What I want is for my main accept loop to block until either a connection is received or the stop signal is sent.

Is this possible in C on Linux?

Many Thanks.

回答1:

If I understand correctly then you are open to using any kind of "signal", not necessarily a POSIX signal. Actually, POSIX signals are a poor choice because checking if you have received one in a loop has unavoidable race conditions.

What you need to use is anything that can be monitored through a file descriptor. It could be:

  • A pipe. Your accept loop monitors the read end of the pipe. To wake up the loop, another thread writes something into (doesn't matter what) into the write end.
  • Another socket. Similarily, another thread wakes up your accept loop by writing into the other end of the socket.
  • A file in the filesystem which you monitory using inotify.
  • A device which receives some data when the loop should be interrupted.
  • etc...

The later entries in the list of examples aren't generally practical. They're just to illustrate that it can be any type of object as long as it is has monitorable file descriptor. The simplest, cheapest, and most popular way is a pipe.

If you are already using nonblocking sockets, then you certainly already have some kind of polling loop to check when they're ready to accept connections. I'm going to assume you're using poll() to do this.

Before you start your loop, set up a pipe like this:

pipe(&pipefd[0]);
read_end = pipefd[0];
write_end = pipefd[1];
fcntl(read_end, F_SETFL, O_NONBLOCK);

The fcntl is to set the read end of the pipe to non blocking mode. You're going to be using that end of the pipe in your poll call together with your socket, so it needs to be nonblocking.
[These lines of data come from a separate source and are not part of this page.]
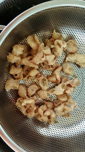 油温达到五到六成热时,肥肠下锅,小火慢炸至金黄。我建议肥肠也一个一个的炸,这样不会粘在一起。耐心点,亲爱的们。
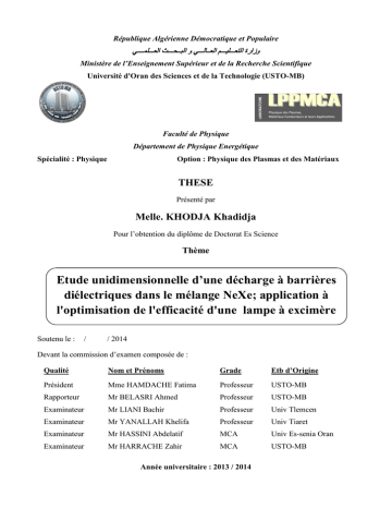 République Algérienne Démocratique et Populaire ﻭﺯﺍﺭﺓ ﺍﻟﺘﻌـــﻠﻴـــﻢ ﺍﻟﻌــﺎﻟـــﻲ ﻭ ﺍﻟﺒــﺤــــﺚ ﺍﻟﻌـــﻠﻤــــﻲ Ministère de l’Enseignement Supérieur et de la Recherche Scientifique Université d'Oran des Sciences et de la Technologie (USTO-MB) Faculté de Physique Département de Physique Energétique Spécialité : Physique Option : Physique des Plasmas et des Matériaux THESE Présenté par Melle. KHODJA Khadidja Pour l’obtention du diplôme de Doctorat Es Science Thème Etude unidimensionnelle d’une décharge à barrières diélectriques dans le mélange NeXe; application à l'optimisation de l'efficacité d'une lampe à excimère Soutenu le : / / 2014 Devant la commission d’examen composée de : Qualité Nom et Prénoms Grade Etb d’Origine U U U U Président Mme HAMDACHE Fatima Professeur USTO-MB Rapporteur Mr BELASRI Ahmed Professeur USTO-MB Examinateur Mr LIANI Bachir Professeur Univ Tlemcen Examinateur Mr YANALLAH Khelifa Professeur Univ Tiaret Examinateur Mr HASSINI Abdelatif MCA Univ Es-senia Oran Examinateur Mr HARRACHE Zahir MCA USTO-MB Année universitaire : 2013 / 2014 République Algérienne Démocratique et Populaire ﻭﺯﺍﺭﺓ ﺍﻟﺘﻌـــﻠﻴـــﻢ ﺍﻟﻌــﺎﻟـــﻲ ﻭ ﺍﻟﺒــﺤــــﺚ ﺍﻟﻌـــﻠﻤــــﻲ Ministère de l’Enseignement Supérieur et de la Recherche Scientifique Université d'Oran des Sciences et de la Technologie (USTO-MB) Faculté de Physique Département de Physique Energétique Spécialité : Physique Option : Physique des Plasmas et des Matériaux THESE Présenté par Melle. KHODJA Khadidja Pour l’obtention du diplôme de Doctorat Es Science Thème Etude unidimensionnelle d’une décharge à barrières diélectriques dans le mélange NeXe; application à l'optimisation de l'efficacité d'une lampe à excimère Soutenu le : / / 2014 Devant la commission d’examen composée de : Qualité Nom et Prénoms Grade Etb d’Origine U U U U Président Mme HAMDACHE Fatima Professeur USTO-MB Rapporteur Mr BELASRI Ahmed Professeur USTO-MB Examinateur Mr LIANI Bachir Professeur Univ Tlemcen Examinateur Mr YANALLAH Khelifa Professeur Univ Tiaret Examinateur Mr HASSINI Abdelatif MCA Univ Es-senia Oran Examinateur Mr HARRACHE Zahir MCA USTO-MB Année universitaire : 2013 / 2014 A mes Très chers parents A ma Sœur A ma famille A mes Ami(e)s Le savant est l'homme par lequel s'opère facilement la distinction entre la franchise et le mensonge dans les paroles, entre la vérité et l'erreur dans les convictions entre la beauté et la laideur dans les actes. "Abd El-Kader ", Artiste, écrivain, Homme politique, Philosophe, Poète, Scientifique, Théologien (1808 - 1883) Col. O'Neill: Oh, here we go. Another scientist General, please. Capt. Carter: Theoretical astrophysicist. Col. O'Neill: Which means? Gen. Hammond: Which means she's smarter than you are, Colonel. Especially in matters related to the Stargate. Stargate SG-1 Saison 1, Episode 1: "Children of gods" (1997) REMERCIEMENTS Mes remerciement vont tout premièrement à dieu tout puissant pour la volonté, la santé et la patience, qu’il ma donné durant toutes ces années d’études. Je remercie mes parents, ma sœur et toute ma famille, pour leur affection inégalable et leur soutien. Sans leurs encouragements, je n’aurai pu mener à bien ce travail. Ce travail a été effectué au sein de Laboratoire Physique des Plasmas, Matériaux Conducteurs et leurs Applications (LPPMCA). Ainsi je dois remercier infiniment mon directeur de thèse le Pr. A. Belasri, pour les précieux conseils, son soutien et son optimisme à tout crin. Mes remerciements lui sont surtout adressés pour son suivi continuel tout le long de la réalisation de cette thèse de doctorat avec la compétence que chacun de nous lui reconnaît. Mes sincères remerciements s’adressent à Madame la présidente du jury : le Pr. F. Hamdache de l'Université d'Oran des Sciences et de la Technologie Mohamed Boudiaf, de m’avoir fait l’honneur de présider le jury. Je tiens également à remercier, le Pr. B. Liani de l'Université de Tlemcen et le Pr. K. Yanallah de l'Université de Tiaret qui ont accepté de juger ce travail, ainsi de leur honorable présence. Je remercie aussi le Dr A. Hassini de l'Université Es-senia Oran et le Dr Z. Harrache de l'Université d'Oran des Science et de la Technologie Mohamed Boudiaf, pour avoir accepté de juger le présent travail et de me faire l’honneur de faire partie du jury. Mes remerciements vont aussi à mes ami(e)s et membres du laboratoire LPPMCA, Amer, Hocine, Soumia, Nadjet, Habiba, Mokhtaria, Barkahom et Fatiha. Un spéciale remerciement dédié à Halima, pour avoir répondu présente quand j'en avais le plus besoin, et à tous ceux que j’ai oublié. République Algérienne Démocratique et Populaire Ministère de l’Enseignement Supérieur et de la Recherche Scientifique Université d’Oran des Sciences et de la Technologie (USTO-MB) Faculté de Physique, Département de Physique Energétique Laboratoire LPPMCA : Physique des plasmas, matériaux Conducteurs et leurs applications. Résumé de thèse de Doctorat en Science de Melle KHODJA Khadidja Intitulé: Etude unidimensionnelle d’une décharge à barrières diélectriques dans le mélange NeXe; application à l'optimisation de l'efficacité d'une lampe à excimère Ce travail est consacré à une étude unidimensionnelle d'une décharge à barrière diélectrique dans le mélange NeXe pour une optimisation de l'efficacité d'une lampe à excimère. Dans ce travail nous nous intéressons plus particulièrement aux propriétés électrique et cinétique de la décharge à barrière diélectrique dans le mélange NeXe. Le xénon est choisi pour son importante luminescence dans la gamme de l'ultraviolet et de l'ultraviolet lointain aux alentours de 172nm avec une énergie de 7,2eV. La lumière 
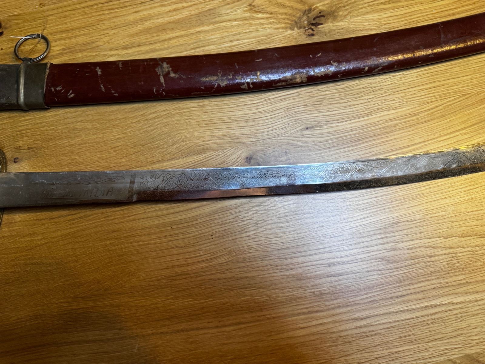 Klinge gebogen, mit Verzierungen, Messinggriff und passender Scheide (siehe Fotos).
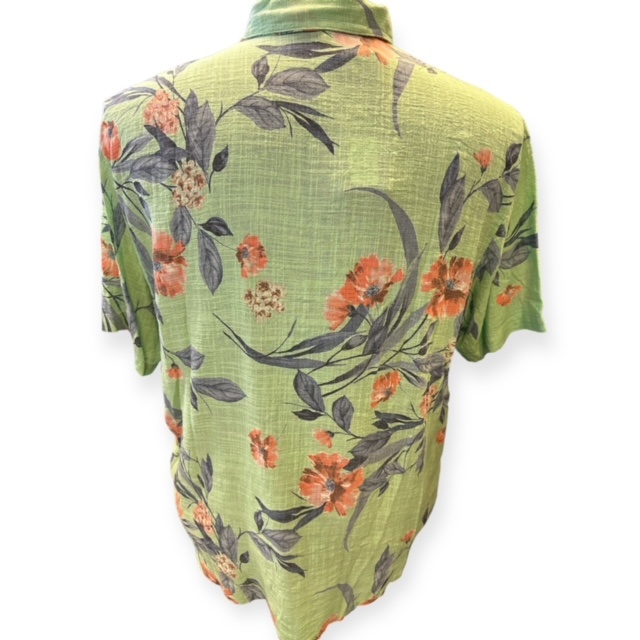 Ein luftiges Tropenshirt mit kurzen Ärmeln der Marke Maxfort in Limettengrün, das Shirt hat eine Brusttasche.
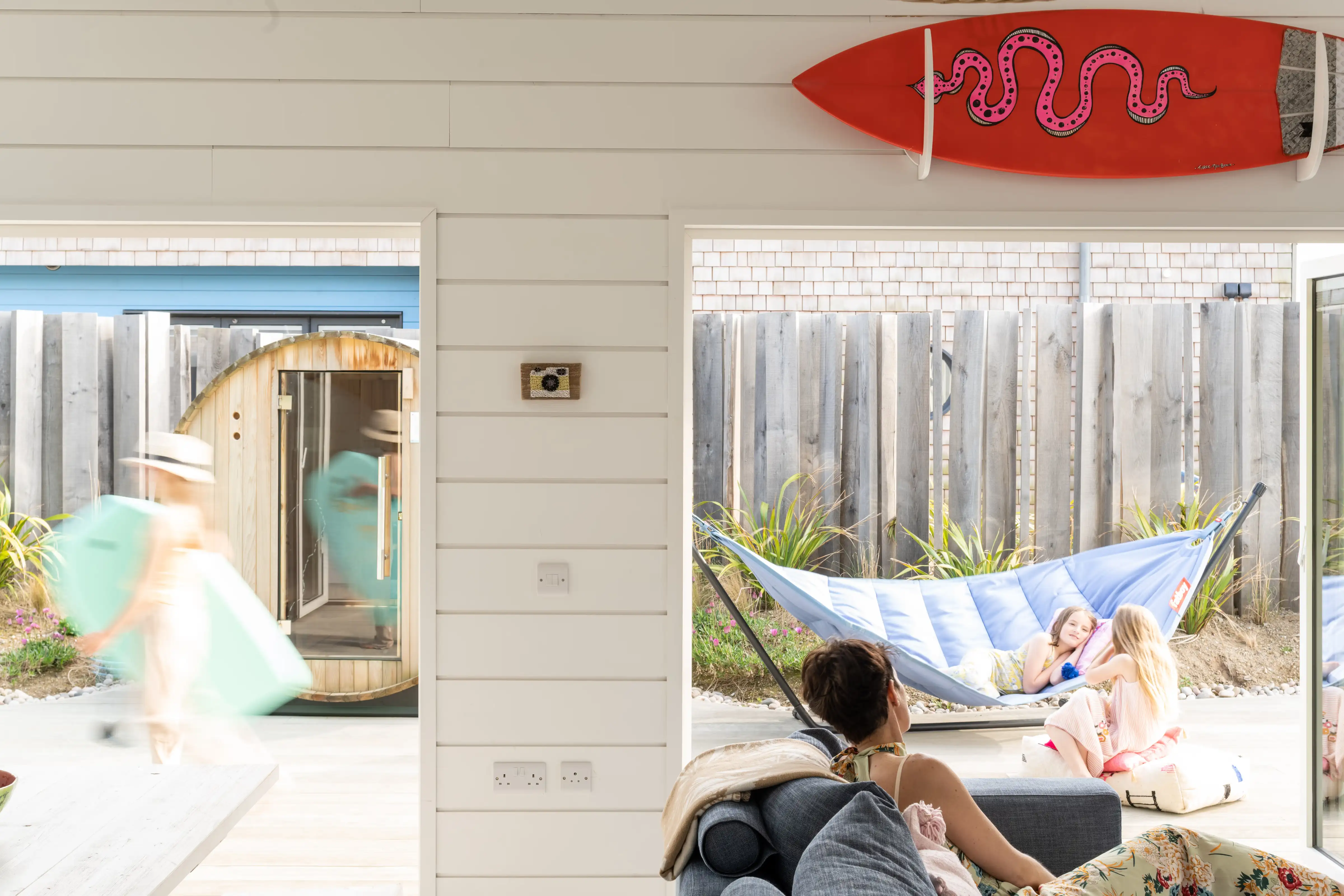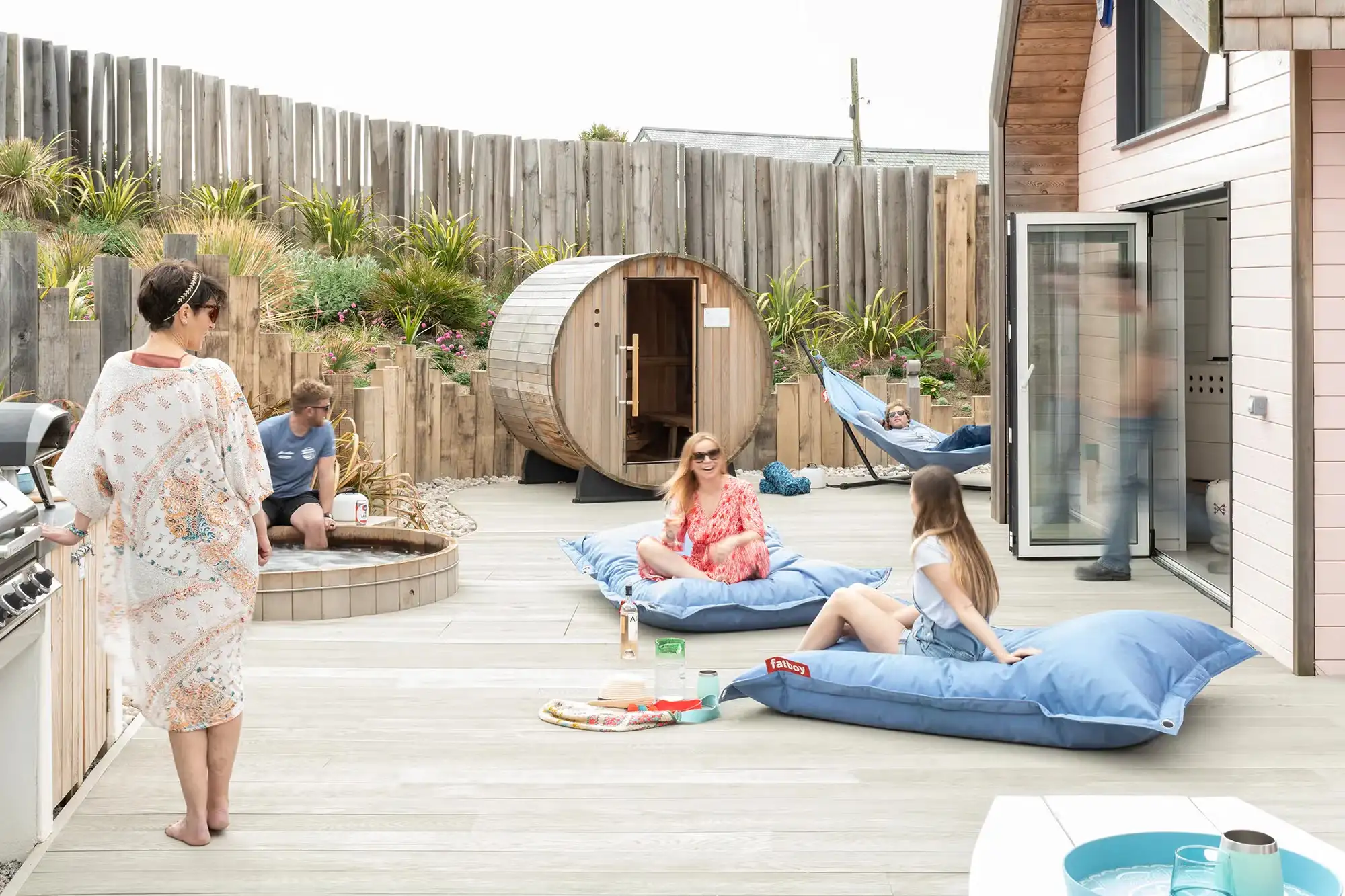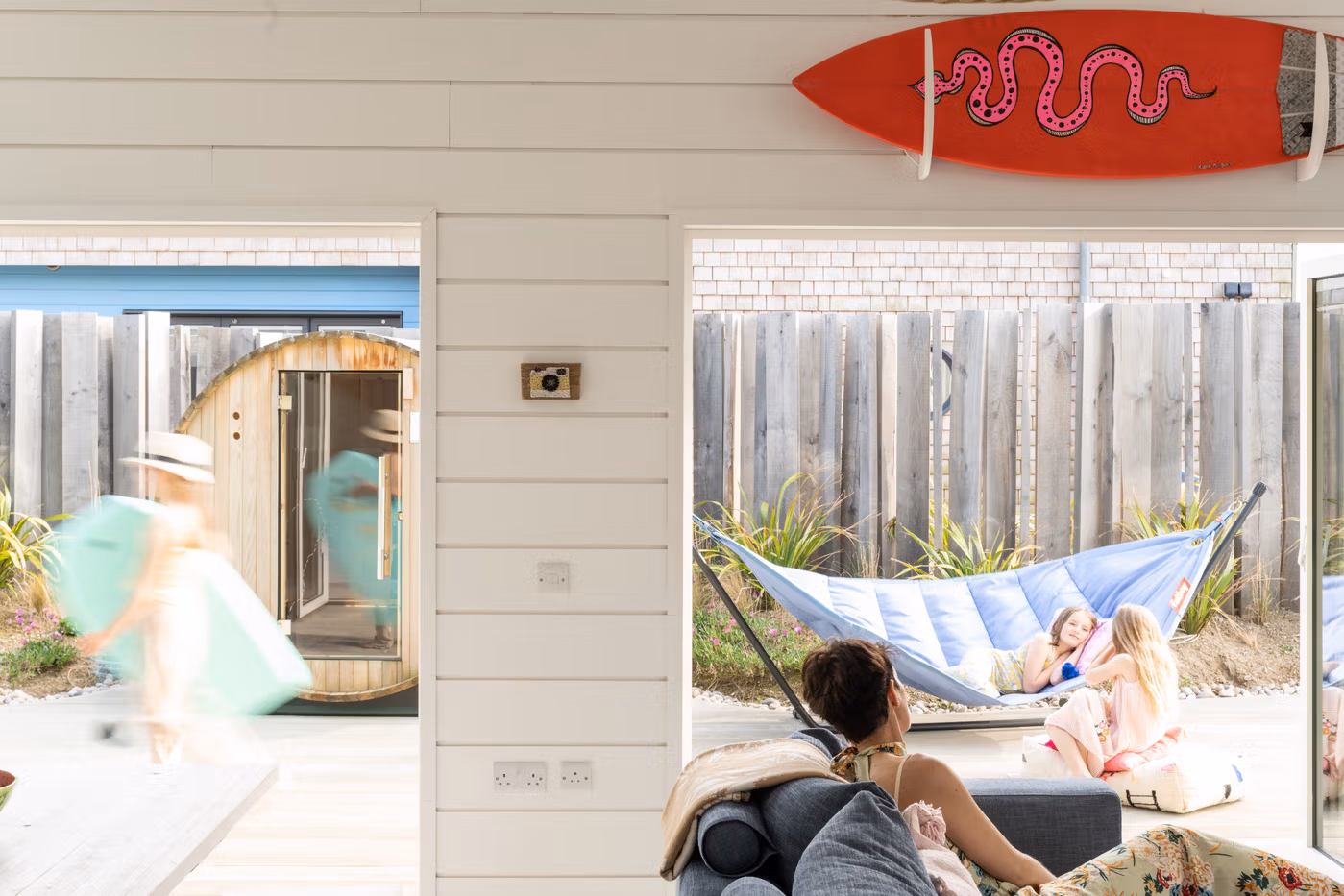 Sets of patio doors open out on to a large private decking areas with 6ft sunken cedar hot tub, barrel sauna, hot and cold outdoor showers, surf rack, Aussie BBQ, outdoor dining tables, bean bags and hammocks.

Then just add the read end of the pipe to the list of tile descriptors that you monitor in your accept loop:

for (;;) { /* accept loop, loop forever */
    /* Monitor your socket. You should already have this in your code */
    pollfd[0].fd = your_socket;
    pollfd[1].events = POLLIN;

    /* Add a new entry to monitor the read end of the pipe */
    pollfd[1].fd = read_end;
    pollfd[1].events = POLLIN;

    /* Now call poll, as before, but monitor 2 file descriptors instead of just 1 */
    n = poll(&pollfd[0], 2, -1);

    /* Check if your socket is ready to accept.
       This part, you are already doing. */
    if (pollfd[0].revents) {
        newsocket = accept(your_socket, etc....)
        do_somehting_with(new_socket);
    }

    /* New part: check if anyone has written something for you into your pipe */
    if (pollfd[1].revents) {
        break; /* stop the loop */
    }
}

The example uses poll but you might be using select (or even epoll) instead. select has a different interface but the idea is the same.

This technique is known as the self-pipe trick.



回答2:

If you do not to want pass an unblocking socket to accpet(), then sending a signal (as described by man signal to the accept()ing thread is the only way to interrupt a blocking accept() (waiting for connections).

As already pointed out by some commenters most system calls (including accept()) will be interupted when their thread received a signal.

If accept() returns -1and errno is set to EINTR the call to accept() was interupted by a signal.

To send a signal to a process use kill(<pid>, <signal-number>).

If you are in a multi-threaded enviroment, block the signal you'll be using (typical SIGUSR1 or SIGUSR2) for all other threads, but the thread that calls accept(), asi t is nondeterministic which thread of a process will handle a signal sent to a process ("addressed" via the process' pid.)

Alternativly you can use pthread_kill(<pthread>, <signal-number>) to send a signal to a specific thread only.